Exercise ▸ Extract the whole listing as it stands. Do not include the pictures.

Supplied material ▸
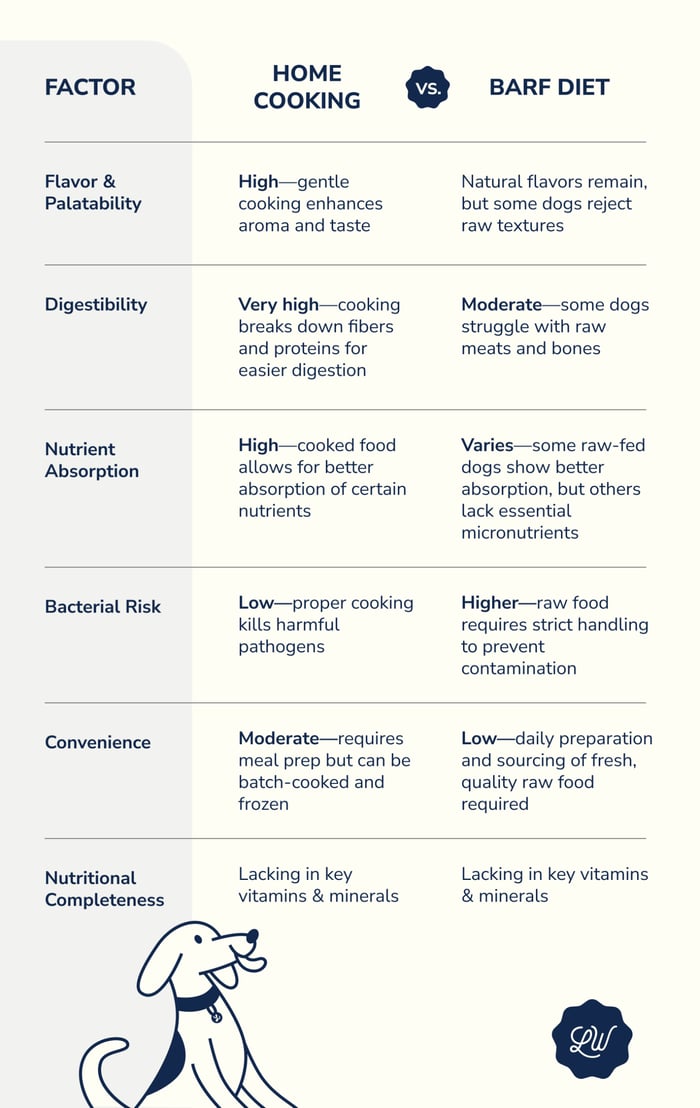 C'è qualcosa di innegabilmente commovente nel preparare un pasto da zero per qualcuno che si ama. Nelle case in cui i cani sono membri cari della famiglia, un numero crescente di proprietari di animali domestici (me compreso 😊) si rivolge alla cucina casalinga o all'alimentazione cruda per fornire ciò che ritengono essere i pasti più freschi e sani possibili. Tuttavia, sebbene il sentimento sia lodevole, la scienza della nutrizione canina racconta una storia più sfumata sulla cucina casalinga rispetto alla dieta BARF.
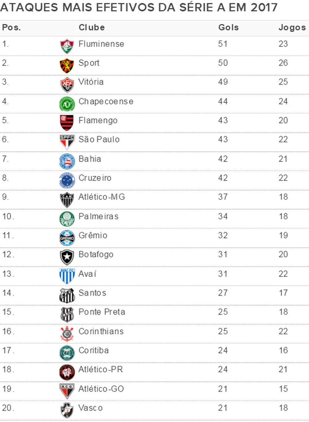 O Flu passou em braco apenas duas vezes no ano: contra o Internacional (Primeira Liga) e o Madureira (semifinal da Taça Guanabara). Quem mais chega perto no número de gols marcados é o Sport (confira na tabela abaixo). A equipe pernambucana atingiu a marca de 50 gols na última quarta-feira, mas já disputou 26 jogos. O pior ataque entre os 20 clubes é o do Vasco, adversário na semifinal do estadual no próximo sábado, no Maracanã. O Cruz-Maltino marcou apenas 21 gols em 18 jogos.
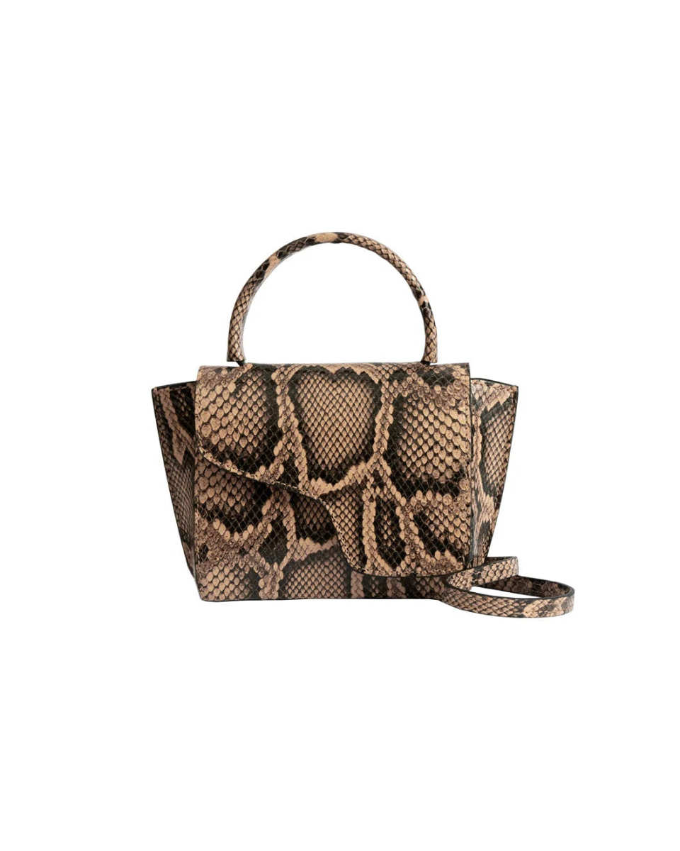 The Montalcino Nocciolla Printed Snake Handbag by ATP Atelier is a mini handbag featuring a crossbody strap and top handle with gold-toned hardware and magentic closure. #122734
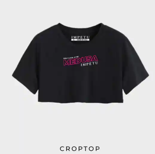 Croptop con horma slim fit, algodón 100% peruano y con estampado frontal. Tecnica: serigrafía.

Answer section ▸
 C'è qualcosa di innegabilmente commovente nel preparare un pasto da zero per qualcuno che si ama. Nelle case in cui i cani sono membri cari della famiglia, un numero crescente di proprietari di animali domestici (me compreso 😊) si rivolge alla cucina casalinga o all'alimentazione cruda per fornire ciò che ritengono essere i pasti più freschi e sani possibili. Tuttavia, sebbene il sentimento sia lodevole, la scienza della nutrizione canina racconta una storia più sfumata sulla cucina casalinga rispetto alla dieta BARF.
 O Flu passou em braco apenas duas vezes no ano: contra o Internacional (Primeira Liga) e o Madureira (semifinal da Taça Guanabara). Quem mais chega perto no número de gols marcados é o Sport (confira na tabela abaixo). A equipe pernambucana atingiu a marca de 50 gols na última quarta-feira, mas já disputou 26 jogos. O pior ataque entre os 20 clubes é o do Vasco, adversário na semifinal do estadual no próximo sábado, no Maracanã. O Cruz-Maltino marcou apenas 21 gols em 18 jogos.
 The Montalcino Nocciolla Printed Snake Handbag by ATP Atelier is a mini handbag featuring a crossbody strap and top handle with gold-toned hardware and magentic closure. #122734
 Croptop con horma slim fit, algodón 100% peruano y con estampado frontal. Tecnica: serigrafía.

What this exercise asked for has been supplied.